*Data for this exercise*.
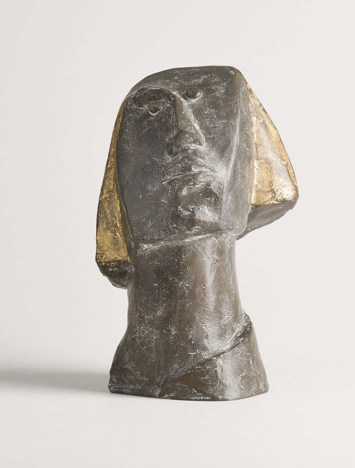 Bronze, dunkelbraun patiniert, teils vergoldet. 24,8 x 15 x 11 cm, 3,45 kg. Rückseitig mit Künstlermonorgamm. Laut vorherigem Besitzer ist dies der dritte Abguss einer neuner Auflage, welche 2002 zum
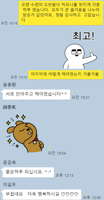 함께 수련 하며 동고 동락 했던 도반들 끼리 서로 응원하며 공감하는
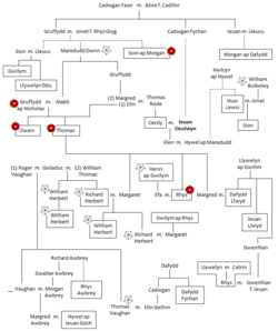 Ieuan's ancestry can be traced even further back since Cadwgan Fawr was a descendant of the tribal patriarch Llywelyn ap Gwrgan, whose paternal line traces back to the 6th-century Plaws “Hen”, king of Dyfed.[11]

--

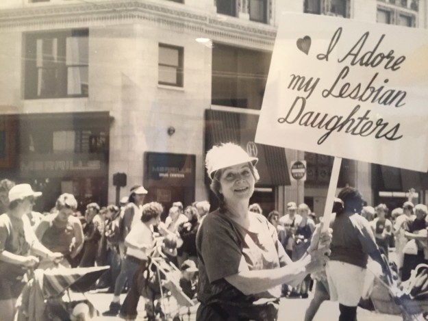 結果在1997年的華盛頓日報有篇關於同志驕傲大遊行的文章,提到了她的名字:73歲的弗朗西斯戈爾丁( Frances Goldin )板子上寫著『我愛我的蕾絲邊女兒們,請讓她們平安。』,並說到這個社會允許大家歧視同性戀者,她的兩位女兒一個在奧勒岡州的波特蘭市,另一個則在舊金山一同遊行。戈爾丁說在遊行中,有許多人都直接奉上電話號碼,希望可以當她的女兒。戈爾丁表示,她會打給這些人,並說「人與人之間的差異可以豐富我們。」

*What the task requires*. Repeat exactly the lines above, from the line that contains "Bronze, dunkelbraun patiniert, teils" down through the line that contains "함께 수련 하며 동고 동락 했던 도반들 끼리 서로 응원하며 공감하는". Include both of those lines and none of the pictures.

*Task output*.
 Bronze, dunkelbraun patiniert, teils vergoldet. 24,8 x 15 x 11 cm, 3,45 kg. Rückseitig mit Künstlermonorgamm. Laut vorherigem Besitzer ist dies der dritte Abguss einer neuner Auflage, welche 2002 zum
 함께 수련 하며 동고 동락 했던 도반들 끼리 서로 응원하며 공감하는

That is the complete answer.